# Fujifilm X-t 30 or X-t 2 ?



## omkh7 (Jun 19, 2019)

I'm planning to buy my first professional camera, and I have settled on the fuji system, but not sure what to get, xt 30 or the xt 2.

My main use will be taking images and little videos on the side (not that important)

So what's your opinion ?


----------



## Tropicalmemories (Jun 20, 2019)

Depends on your main uses and your priorities - both excellent cameras.

I went for the X-T2 as the launch of the X-T3 had made the T2 a great bargain.

I wanted weather sealing for the monsoon season  when everything gets wet.  I also liked the additional controls and larger size (as I have large hands).

But the X-T30 was not available when I bought the T2, so I didn't consider it.

I like the lighter weight of the T30, and it has the latest, quicker auto-focus, but I still prefer my T2 as it just feels better in my hands.

And anyway - it can often be the lenses that add most weight, so saving in body weight is not that big a benefit.

But I shoot mainly travel and portraits - if fast action sports was my passion - I'd get an X-T3 (or a dslr - but lets not start that argument   )


----------



## omkh7 (Jun 20, 2019)

Tropicalmemories said:


> Depends on your main uses and your priorities - both excellent cameras.
> 
> I went for the X-T2 as the launch of the X-T3 had made the T2 a great bargain.
> 
> ...



For me, size and weight don't matter.
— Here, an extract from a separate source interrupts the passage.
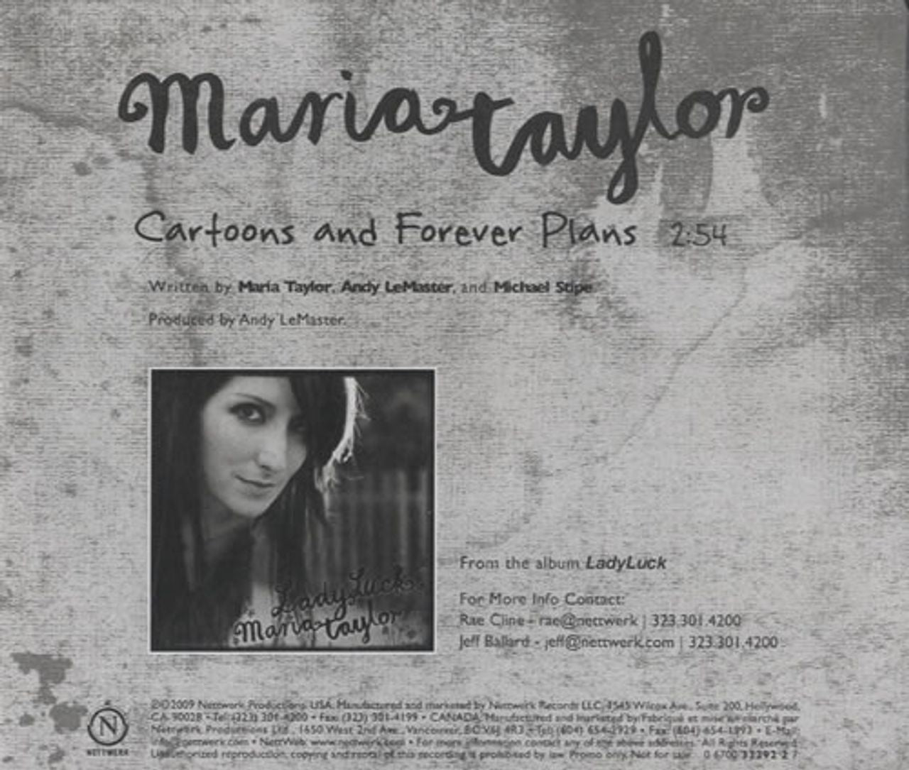 MARIA TAYLOR & MICHAEL STIPE Cartoons And Forever Plans (Official 2009 US Nettwerk label 1-track promotional only CD-R acetate for the song taken from Maria's album 'Ladyluck', this song was also co-written by Michael Stipe. Custom printed disc complete with a custom back insert and housed in a hype stickered case)

But features like autofocus, better sensor/ better image quality matters, low light or color science matters the most for me.

Also I like to have bigger physical controls I thought of t30 first as it is fairly new, new processor and sensor and better auto focus. But the bigger buttons and controls and the weather sealing justifies buying it instead ? Especially it's nearly 3-4 years old camera.


----------



## Tropicalmemories (Jun 20, 2019)

omkh7 said:


> Tropicalmemories said:
> 
> 
> > Depends on your main uses and your priorities - both excellent cameras.
> ...



Image quality will be the same for both - some people even say that the extra autofocus points on the T3 sensor has slightly reduced low light image quality compared to the T2 - but this must be extreme pixel-peeping.

The T30/T3 has a quicker auto-focus system, if that's important for you.

But image quality will be the same.

I think you need to hold both in a shop, shoot test shots in the store - using the same lens.

And if you are thinking of getting one of the heavier Fuji lenses (16-55, 18-135 or the long zooms) then try one of these in store - as some people feel they over-balance the smaller bodies.

I have an old X-M1 that I use exclusively with the little 27mm lens, and use the X-T2 for all bigger lenses.

Even my XF23mm lens feels too big on the X-M1, but it balances nicely on the X-T2.

With the really long lenses it makes less difference - but it looks odd.


----------



## omkh7 (Jun 20, 2019)

Thanks


----------



## SquarePeg (Jun 20, 2019)

Can’t go wrong with either it’s just a matter of feel and features.  Definitely try to get your hands on both before you decide.  Does the xt30 have dual sd card slots?   That would be a deal breaker for me.  I like to shoot raw + jpeg on different cards.  Weather sealing is nice to have.  I have the Xt2 and find the af to be great.


----------



## Tropicalmemories (Jun 20, 2019)

SquarePeg said:


> Can’t go wrong with either it’s just a matter of feel and features.  Definitely try to get your hands on both before you decide.  Does the xt30 have dual sd card slots?   That would be a deal breaker for me.  I like to shoot raw + jpeg on different cards.  Weather sealing is nice to have.  I have the Xt2 and find the af to be great.



Single slot on X-T30 ....


----------



## black pepper (Jun 20, 2019)

it all depends on your shooting style.  if you shoot on auto or use the picture styles then having a dedicated dial for shooting styles might make the xt-30 a better option for you.  if you shoot manual or av/tv then the xt-2 has a better layout.

between the 2 i would go for the x-t2.  i own the xt-2 (and xt-1, x-pro1 and x100s and bought an x-e1 for my bf) and loved having the iso dial on top of most of those camera.  if you're coming from another camera it's not that big of a deal because you're not used to that.  but once you're used to having the iso dial nothing else will do.  i have the fuji 50r now and they've removed the iso dial in favor of a sleeker design.  i've set up a custom button shortcut, but i miss the dedicated dial.


----------



## Solarflare (Jun 27, 2019)

omkh7 said:


> I'm planning to buy my first professional camera, and I have settled on the fuji system, but not sure what to get, xt 30 or the xt 2.


Well, if you want to get professional, then you have to go for one of the professional models, such as the X-T2 (or its successor X-T3, or the X-H1).

The X-T30 is consumer. Its most important drawback that disqualifies it for me instantly: there is only one card slot.


----------